When we called him on his bullshit, my father always insisted he was a good man. He always insisted, just cause he hadn’t turned to God, didn’t mean he wasn’t every bit as good as his brother. He even admitted how he was far from proud about the way he beat us back then. And he argued it was all a long time ago. It was water under the bridge. Now he deserved some understanding and forgiveness. And if we’d just offer that up, we’d finally come to understand what a good man he really was.
My father died eternally jealous and envious of his brother who laughed with his children and grandchildren at ballgames and movies and picnics and holidays. He died envious and oblivious to the reasons things turned out different was because, while his brother was busy laughing and enjoying things, including his family, my father only knew how to spend that time defending and promoting himself. Defending himself from the nagging suspicion he might not be as good a man as his brother. And then spending his life promoting himself as the good and decent and fun-loving and charismatic man he wanted to be.

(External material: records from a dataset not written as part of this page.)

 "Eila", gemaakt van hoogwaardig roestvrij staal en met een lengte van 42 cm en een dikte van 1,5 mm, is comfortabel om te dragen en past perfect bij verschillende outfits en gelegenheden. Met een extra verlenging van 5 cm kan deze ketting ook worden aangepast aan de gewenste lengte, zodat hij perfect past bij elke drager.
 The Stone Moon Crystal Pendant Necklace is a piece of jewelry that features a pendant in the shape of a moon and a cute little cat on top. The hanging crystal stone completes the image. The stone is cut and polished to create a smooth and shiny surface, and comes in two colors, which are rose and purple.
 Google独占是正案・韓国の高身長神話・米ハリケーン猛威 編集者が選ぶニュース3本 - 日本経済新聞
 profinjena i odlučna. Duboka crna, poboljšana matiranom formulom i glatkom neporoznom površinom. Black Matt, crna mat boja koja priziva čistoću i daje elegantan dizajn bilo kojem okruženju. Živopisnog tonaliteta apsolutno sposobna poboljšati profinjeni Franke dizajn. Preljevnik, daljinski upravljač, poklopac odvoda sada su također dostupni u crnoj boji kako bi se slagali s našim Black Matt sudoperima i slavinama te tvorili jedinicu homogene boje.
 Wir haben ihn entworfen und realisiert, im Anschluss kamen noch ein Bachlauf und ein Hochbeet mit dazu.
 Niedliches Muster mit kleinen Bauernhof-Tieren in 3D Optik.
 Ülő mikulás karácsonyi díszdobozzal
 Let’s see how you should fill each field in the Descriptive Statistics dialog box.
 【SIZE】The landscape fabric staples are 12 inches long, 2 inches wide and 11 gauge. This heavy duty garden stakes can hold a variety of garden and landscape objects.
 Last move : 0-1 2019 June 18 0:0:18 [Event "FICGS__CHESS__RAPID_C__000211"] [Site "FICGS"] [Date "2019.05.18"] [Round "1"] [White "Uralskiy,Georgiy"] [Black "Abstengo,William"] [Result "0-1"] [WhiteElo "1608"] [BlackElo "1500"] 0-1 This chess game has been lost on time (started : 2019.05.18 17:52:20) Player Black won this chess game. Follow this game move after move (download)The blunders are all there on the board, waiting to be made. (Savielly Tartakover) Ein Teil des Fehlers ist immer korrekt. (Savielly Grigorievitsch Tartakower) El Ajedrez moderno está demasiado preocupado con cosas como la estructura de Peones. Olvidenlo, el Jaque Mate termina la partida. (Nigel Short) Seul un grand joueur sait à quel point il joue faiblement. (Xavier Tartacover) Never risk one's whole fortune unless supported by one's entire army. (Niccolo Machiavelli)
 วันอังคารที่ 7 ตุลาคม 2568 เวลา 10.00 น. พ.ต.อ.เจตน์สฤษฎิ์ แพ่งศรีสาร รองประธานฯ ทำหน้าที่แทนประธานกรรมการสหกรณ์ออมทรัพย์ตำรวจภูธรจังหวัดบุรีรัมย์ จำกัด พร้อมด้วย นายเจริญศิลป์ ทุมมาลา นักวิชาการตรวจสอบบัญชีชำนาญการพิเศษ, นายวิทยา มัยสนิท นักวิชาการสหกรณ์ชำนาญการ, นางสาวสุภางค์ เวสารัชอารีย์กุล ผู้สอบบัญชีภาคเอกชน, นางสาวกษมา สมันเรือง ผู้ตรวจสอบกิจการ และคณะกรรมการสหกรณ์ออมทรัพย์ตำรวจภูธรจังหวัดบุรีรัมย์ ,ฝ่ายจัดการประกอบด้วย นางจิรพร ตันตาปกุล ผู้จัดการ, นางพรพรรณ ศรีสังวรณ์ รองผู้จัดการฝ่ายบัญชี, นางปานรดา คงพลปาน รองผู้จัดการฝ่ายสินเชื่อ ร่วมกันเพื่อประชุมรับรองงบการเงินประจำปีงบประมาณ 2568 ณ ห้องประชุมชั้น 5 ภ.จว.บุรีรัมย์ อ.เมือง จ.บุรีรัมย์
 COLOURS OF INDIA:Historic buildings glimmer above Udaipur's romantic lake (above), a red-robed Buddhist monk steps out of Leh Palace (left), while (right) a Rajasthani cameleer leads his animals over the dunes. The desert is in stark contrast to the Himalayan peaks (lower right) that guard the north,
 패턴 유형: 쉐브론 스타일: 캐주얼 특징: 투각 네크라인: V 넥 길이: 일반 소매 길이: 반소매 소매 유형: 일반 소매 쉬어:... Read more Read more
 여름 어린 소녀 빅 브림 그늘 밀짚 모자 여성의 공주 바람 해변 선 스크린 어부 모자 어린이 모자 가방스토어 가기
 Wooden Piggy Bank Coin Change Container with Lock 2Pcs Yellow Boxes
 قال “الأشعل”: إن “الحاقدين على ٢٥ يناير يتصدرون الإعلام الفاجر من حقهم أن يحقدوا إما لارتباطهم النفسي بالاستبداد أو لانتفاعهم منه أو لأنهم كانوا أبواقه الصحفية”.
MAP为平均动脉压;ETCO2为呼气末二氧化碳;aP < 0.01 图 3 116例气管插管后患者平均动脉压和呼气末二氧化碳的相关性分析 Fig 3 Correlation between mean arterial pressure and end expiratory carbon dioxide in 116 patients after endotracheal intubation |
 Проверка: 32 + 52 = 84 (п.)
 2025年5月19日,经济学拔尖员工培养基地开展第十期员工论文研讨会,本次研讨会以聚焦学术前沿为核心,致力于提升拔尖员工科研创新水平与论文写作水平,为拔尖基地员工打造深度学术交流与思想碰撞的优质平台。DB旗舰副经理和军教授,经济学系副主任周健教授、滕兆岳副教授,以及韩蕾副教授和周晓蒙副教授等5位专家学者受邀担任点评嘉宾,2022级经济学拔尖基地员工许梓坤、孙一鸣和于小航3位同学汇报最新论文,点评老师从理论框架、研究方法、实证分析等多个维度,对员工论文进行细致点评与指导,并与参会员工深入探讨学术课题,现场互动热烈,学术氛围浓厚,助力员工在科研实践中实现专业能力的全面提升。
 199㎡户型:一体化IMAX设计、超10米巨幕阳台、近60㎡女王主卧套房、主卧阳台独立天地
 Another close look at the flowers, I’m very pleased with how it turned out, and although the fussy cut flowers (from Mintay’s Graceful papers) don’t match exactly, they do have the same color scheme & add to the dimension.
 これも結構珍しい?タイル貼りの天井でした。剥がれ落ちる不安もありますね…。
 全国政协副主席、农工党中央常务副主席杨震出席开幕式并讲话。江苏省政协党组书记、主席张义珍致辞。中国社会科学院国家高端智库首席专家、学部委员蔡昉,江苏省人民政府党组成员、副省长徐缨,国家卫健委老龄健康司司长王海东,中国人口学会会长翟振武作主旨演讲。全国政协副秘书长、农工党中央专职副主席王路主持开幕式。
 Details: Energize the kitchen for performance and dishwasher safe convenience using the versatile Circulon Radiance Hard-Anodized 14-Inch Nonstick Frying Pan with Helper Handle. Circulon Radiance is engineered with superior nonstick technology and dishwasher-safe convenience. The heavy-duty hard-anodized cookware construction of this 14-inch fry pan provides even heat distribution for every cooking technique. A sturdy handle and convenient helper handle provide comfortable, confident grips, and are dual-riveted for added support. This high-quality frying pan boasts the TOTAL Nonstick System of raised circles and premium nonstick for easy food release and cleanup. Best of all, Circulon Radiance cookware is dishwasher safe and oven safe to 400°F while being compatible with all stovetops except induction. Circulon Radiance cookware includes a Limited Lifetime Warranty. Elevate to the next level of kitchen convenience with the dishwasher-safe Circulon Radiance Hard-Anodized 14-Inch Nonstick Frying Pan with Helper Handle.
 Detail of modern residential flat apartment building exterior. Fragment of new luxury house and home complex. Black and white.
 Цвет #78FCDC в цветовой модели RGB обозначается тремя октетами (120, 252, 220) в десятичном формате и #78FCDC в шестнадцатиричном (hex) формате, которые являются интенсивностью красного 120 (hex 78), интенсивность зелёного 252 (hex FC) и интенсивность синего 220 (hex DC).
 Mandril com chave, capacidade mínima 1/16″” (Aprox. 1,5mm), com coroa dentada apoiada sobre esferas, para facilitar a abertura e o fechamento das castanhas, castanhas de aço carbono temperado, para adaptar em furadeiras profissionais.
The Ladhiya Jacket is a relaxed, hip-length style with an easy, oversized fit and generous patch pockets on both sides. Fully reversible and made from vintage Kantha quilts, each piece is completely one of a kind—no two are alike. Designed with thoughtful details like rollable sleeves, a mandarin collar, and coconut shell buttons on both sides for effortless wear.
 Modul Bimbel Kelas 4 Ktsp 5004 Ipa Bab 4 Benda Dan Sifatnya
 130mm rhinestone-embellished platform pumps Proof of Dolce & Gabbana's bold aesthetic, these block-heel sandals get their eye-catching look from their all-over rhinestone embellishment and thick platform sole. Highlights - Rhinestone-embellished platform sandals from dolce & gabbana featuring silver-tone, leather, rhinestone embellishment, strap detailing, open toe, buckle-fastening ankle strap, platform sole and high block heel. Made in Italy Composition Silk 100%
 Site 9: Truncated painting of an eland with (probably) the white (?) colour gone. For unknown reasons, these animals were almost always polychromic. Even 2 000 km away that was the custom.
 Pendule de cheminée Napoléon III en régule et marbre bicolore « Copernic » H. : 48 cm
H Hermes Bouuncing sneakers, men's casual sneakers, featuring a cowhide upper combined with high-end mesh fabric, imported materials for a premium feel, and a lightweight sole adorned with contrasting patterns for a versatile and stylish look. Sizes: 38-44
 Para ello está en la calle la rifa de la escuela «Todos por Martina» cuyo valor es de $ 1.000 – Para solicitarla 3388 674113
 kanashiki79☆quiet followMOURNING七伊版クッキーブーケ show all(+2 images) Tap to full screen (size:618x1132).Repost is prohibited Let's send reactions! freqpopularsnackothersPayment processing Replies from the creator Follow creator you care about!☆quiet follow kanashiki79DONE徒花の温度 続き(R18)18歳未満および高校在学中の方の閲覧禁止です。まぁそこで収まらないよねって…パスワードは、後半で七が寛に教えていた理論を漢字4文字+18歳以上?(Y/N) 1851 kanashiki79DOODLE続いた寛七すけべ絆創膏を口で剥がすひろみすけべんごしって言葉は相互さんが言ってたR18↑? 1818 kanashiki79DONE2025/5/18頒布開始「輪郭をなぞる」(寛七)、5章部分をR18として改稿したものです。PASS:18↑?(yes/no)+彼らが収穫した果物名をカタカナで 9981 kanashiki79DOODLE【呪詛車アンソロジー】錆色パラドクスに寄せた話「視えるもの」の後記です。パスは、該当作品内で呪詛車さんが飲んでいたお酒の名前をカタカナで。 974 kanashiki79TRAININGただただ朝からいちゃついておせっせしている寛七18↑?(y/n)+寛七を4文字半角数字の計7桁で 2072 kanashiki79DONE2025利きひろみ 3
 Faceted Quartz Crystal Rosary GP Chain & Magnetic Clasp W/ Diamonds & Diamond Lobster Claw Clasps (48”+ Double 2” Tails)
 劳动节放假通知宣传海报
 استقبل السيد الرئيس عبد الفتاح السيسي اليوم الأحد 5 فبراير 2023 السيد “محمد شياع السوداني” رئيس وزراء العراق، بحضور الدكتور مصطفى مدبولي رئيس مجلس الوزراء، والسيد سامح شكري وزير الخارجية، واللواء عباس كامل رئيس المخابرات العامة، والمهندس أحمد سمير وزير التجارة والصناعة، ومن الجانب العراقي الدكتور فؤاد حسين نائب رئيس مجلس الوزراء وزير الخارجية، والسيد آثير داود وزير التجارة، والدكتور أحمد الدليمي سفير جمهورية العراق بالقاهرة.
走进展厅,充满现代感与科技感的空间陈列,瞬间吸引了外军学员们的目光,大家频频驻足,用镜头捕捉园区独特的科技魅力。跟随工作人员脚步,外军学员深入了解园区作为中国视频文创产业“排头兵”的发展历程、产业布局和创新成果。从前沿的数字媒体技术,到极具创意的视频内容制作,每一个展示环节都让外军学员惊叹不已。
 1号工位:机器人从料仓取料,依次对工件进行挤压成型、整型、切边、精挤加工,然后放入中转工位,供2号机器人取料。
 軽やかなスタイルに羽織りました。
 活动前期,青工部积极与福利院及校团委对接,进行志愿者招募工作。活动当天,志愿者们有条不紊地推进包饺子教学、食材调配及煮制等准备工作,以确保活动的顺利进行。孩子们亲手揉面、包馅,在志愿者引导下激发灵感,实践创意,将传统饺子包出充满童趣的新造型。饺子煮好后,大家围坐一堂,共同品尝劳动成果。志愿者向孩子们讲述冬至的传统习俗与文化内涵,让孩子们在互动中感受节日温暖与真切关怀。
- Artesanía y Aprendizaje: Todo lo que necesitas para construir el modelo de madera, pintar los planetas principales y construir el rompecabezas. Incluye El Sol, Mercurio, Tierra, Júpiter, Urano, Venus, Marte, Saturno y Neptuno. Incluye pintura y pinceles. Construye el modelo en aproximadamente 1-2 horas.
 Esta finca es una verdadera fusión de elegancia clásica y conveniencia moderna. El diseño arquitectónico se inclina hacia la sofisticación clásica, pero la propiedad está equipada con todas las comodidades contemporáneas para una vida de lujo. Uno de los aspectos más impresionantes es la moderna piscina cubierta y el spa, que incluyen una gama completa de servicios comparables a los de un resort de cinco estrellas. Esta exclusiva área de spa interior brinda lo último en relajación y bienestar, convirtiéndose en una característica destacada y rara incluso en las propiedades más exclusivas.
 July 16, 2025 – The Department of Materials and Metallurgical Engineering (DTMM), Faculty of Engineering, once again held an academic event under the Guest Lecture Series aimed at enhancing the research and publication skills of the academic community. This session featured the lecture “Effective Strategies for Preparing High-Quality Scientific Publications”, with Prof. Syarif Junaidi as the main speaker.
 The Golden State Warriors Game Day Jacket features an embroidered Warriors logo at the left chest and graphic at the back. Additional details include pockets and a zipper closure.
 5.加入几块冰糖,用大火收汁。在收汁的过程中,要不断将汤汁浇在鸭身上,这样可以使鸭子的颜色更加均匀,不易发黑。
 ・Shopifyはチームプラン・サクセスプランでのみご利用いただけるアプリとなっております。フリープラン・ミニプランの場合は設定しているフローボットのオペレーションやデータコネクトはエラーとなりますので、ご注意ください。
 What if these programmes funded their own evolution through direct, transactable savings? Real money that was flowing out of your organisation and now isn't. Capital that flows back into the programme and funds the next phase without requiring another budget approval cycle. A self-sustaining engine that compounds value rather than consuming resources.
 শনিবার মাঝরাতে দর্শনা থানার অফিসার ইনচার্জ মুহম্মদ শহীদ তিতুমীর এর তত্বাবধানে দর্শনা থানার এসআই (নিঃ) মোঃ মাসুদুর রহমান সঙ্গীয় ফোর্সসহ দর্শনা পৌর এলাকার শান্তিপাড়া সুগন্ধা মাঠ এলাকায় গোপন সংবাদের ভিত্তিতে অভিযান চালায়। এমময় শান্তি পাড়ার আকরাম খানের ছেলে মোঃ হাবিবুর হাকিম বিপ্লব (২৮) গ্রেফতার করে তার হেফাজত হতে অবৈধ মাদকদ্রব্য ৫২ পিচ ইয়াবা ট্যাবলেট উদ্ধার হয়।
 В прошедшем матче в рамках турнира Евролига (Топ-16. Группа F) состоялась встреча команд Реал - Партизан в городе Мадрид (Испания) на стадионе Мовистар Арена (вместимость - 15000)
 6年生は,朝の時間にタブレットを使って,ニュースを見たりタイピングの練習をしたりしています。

I once told my uncle he was a good man for quitting his drinking.
My uncle told me, “When I quit drinking and quit beating my wife and kids, it didn’t make me a good man. It just made me a man.”
I said, “You were a good man for trying to become a better man, and then becoming one. You might not want to accept that you were good, but it’s undeniable you became better.”
I think that was the main difference, for the whole of their lives, between my father and his brother – the difference between wanting and actually becoming. The difference between promoting and simply being.
Or, as my uncle said, when he quit drinking and abusing, that’s when he became a man. Sometimes I’m not so sure my father ever truly became a man. And that being the case, it made sense he’d try keeping us at a similar stage of development in our relations with him. That way he’d always have somebody to relate to.
And sometime I imagine, in needing our forgiveness and all the love he imagined would follow, somehow my father was way off track with that notion. Somehow it makes sense to me that it was God’s – not our – forgiveness that he needed first. Or maybe his own forgiveness. But first, a love and forgiveness other than ours. And then and only then, ours might follow as a postscript. He may have been far better off and it may have been a lot easier allowing God or Jesus or himself to absolve his sins. And any probably would have forgiven him even without all the bullshit he spent a lifetime peddling to us in his quest for absolution.
I’m not – and may never be – a man of God myself. But I can admit when a little bit of God has done a whole lot of good.